**** Information shown

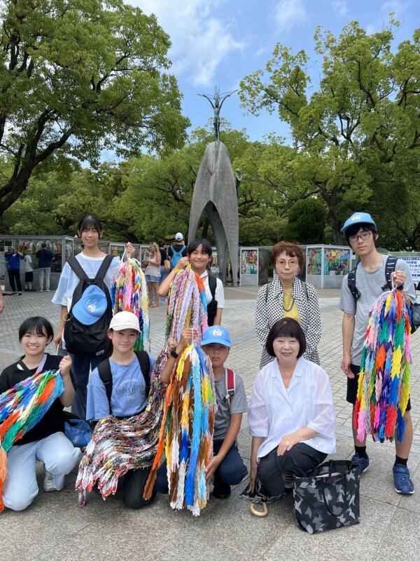 その後、一緒に平和公園へ行き、持ってこられた折り鶴と合わせて原爆の子の像に捧げました。
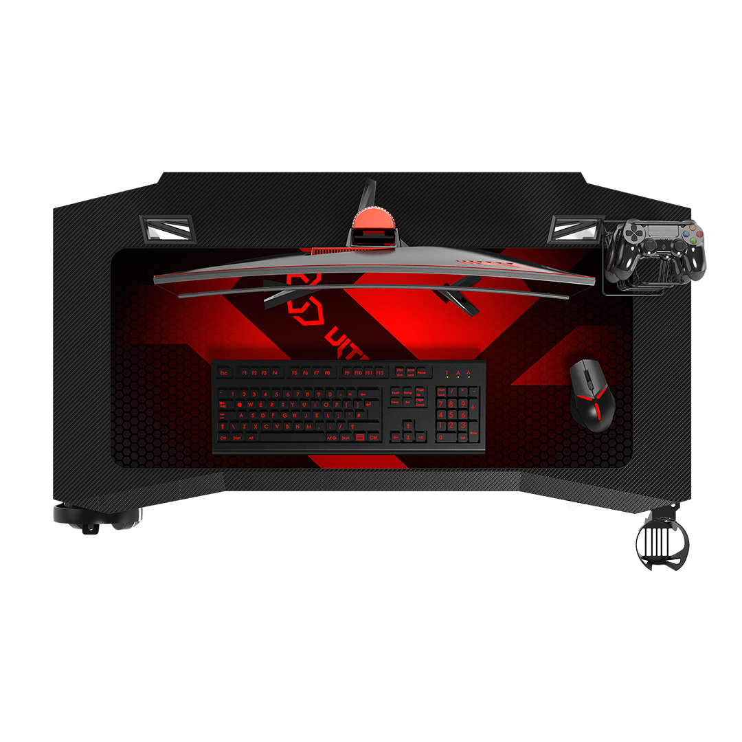 Kompaktowy pulpit usadowiony jest na skrzyżowanych nogach, które zapewniają bardzo dużą stabilność. Komfort gracza był priorytetem podczas tworzenia tego modelu, dlatego też to biurko gamingowe zyskało maksymalnie ergonomiczny kształt i rozmiary, ale nie tylko. Przednia krawędź blatu została pochylona dla podwyższenia wygody, szczególnie podczas opierania przedramion.
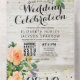 Peach Roses Rustic Wood String Lights Wedding RSVP All In One Invitation
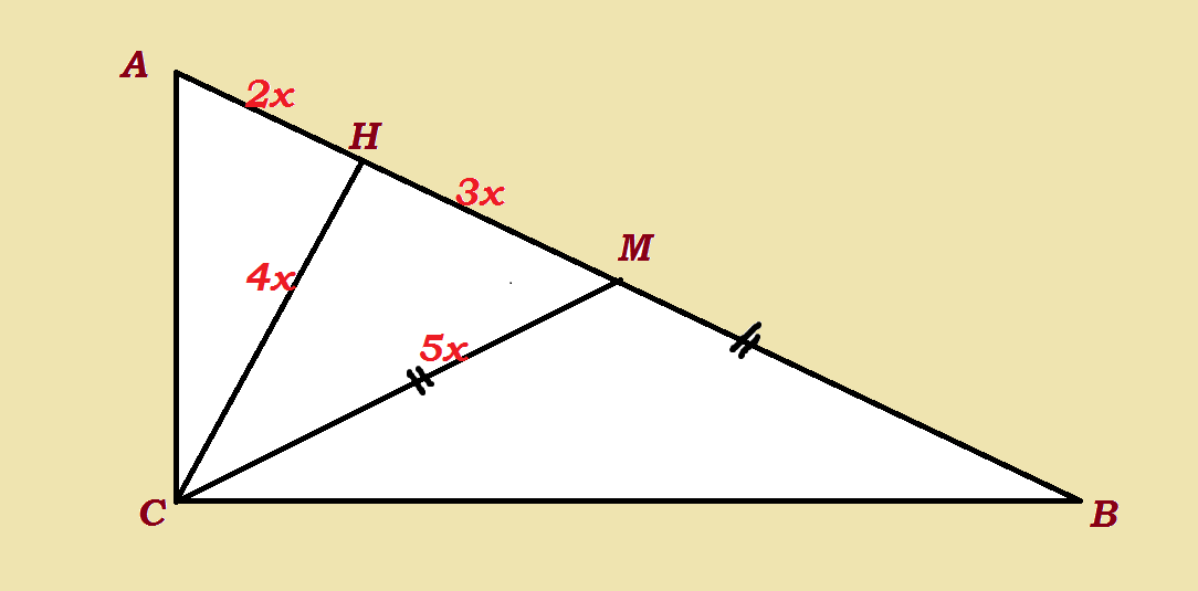 АМ = МВ = СМ = 5х (в прямоугольном треугольнике медиана, проведенная к гипотенузе равна двум отрезкам на которые она делит гипотенузу)
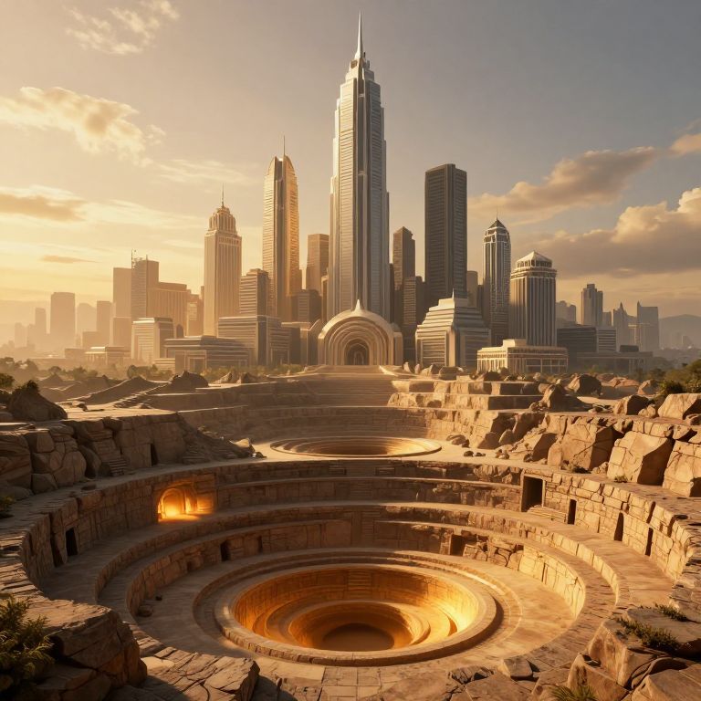A futuristic 3D-rendered cityscape rises majestically against a golden-hour sky, juxtaposed with a descending series of ancient, circular stone levels carved into the earth below, each tier illuminated by dramatic lighting that highlights the contrast between modern architecture and prehistoric depths.
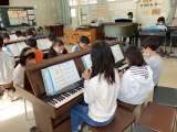 音楽室で4年生がリコーダーの練習をしました。「さくら笛」「花笛」の2曲を合奏し...
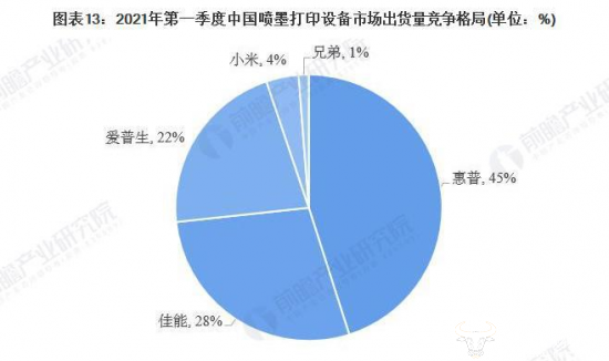 根据IDC的数据,2021年第一季度,中国喷墨打印设备市场出货量排名前五的厂商分别是惠普、佳能、爱普生、小米和兄弟,其中惠普占比高达45%。

********

• What the task requires: What you give back must be the data above, reproduced exactly and free of pictures.

• Written answer:
 その後、一緒に平和公園へ行き、持ってこられた折り鶴と合わせて原爆の子の像に捧げました。
 Kompaktowy pulpit usadowiony jest na skrzyżowanych nogach, które zapewniają bardzo dużą stabilność. Komfort gracza był priorytetem podczas tworzenia tego modelu, dlatego też to biurko gamingowe zyskało maksymalnie ergonomiczny kształt i rozmiary, ale nie tylko. Przednia krawędź blatu została pochylona dla podwyższenia wygody, szczególnie podczas opierania przedramion.
 Peach Roses Rustic Wood String Lights Wedding RSVP All In One Invitation
 АМ = МВ = СМ = 5х (в прямоугольном треугольнике медиана, проведенная к гипотенузе равна двум отрезкам на которые она делит гипотенузу)
A futuristic 3D-rendered cityscape rises majestically against a golden-hour sky, juxtaposed with a descending series of ancient, circular stone levels carved into the earth below, each tier illuminated by dramatic lighting that highlights the contrast between modern architecture and prehistoric depths.
 音楽室で4年生がリコーダーの練習をしました。「さくら笛」「花笛」の2曲を合奏し...
 根据IDC的数据,2021年第一季度,中国喷墨打印设备市场出货量排名前五的厂商分别是惠普、佳能、爱普生、小米和兄弟,其中惠普占比高达45%。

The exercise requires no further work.